現場の「こびりつき仕事」をロボットに任せる
海のインフラでは、鋼製の桟橋や護岸、係留施設の水面下に付着したフジツボが長年の悩みとなってきた。燃費悪化や腐食の進行を招く一方、除去は潜水作業員がスクレーパーで削り取る重労働に頼る場面が多く、安全確保と人手不足が課題になっている。フジツボ対策は世界的にも研究が進み、環境負荷の少ない付着阻害剤の開発が進められているが、既に付いた殻をどう落とすかという現場の仕事は残っていた。

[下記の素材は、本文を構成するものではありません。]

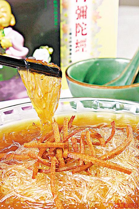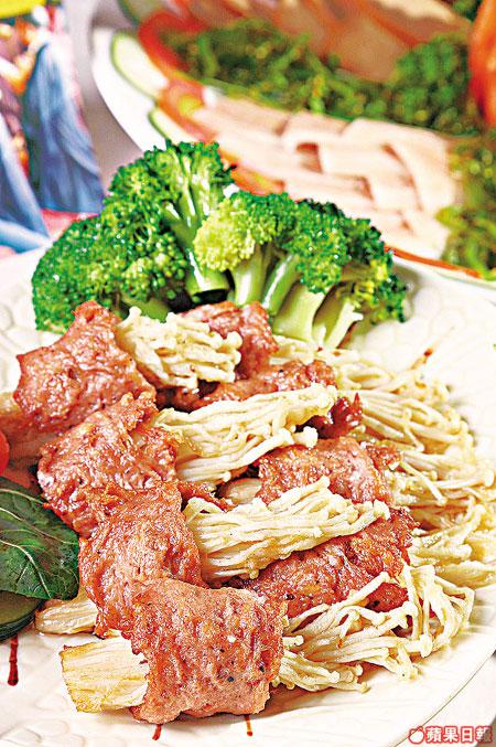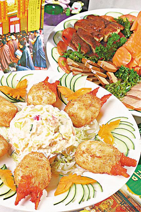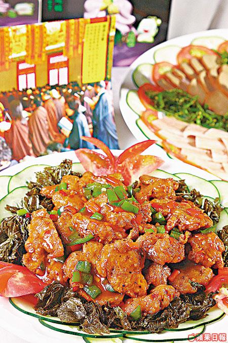 不想為點菜煩,不妨試「菩提素食館」的佛誕套餐(由2人餐$168至12人餐$1,880不等),12人套餐有紅燒素大鮑翅、菜膽上湯素雞、芝士焗素海鮮、香芋南瓜焗飯等11道菜,豐富得很。這兒的仿肉來貨多是半製成品,糊狀大豆纖維落到大廚手上,會因應菜式加香料做成不同形狀質感的齋菜,老闆葉小姐說:「半加工勝在彈性大,大廚可做出獨一無二的菜式。」

Universal Hands が手掛ける水中吸着ドローンは、この「後始末」を省力化することを狙う。機体の底部には、神戸高専の研究から生まれた万能真空吸着グリッパーを応用した装置を備え、コンクリートや鋼板の面に張り付いたまま移動できる。先端ノズルからは高圧の海水を吹き出し、発生した微細な気泡がつぶれる際の衝撃を利用して、殻を基材から引きはがす。表面を削り過ぎないため、構造物の健全性を確認する非破壊検査技術との親和性も高いとされる。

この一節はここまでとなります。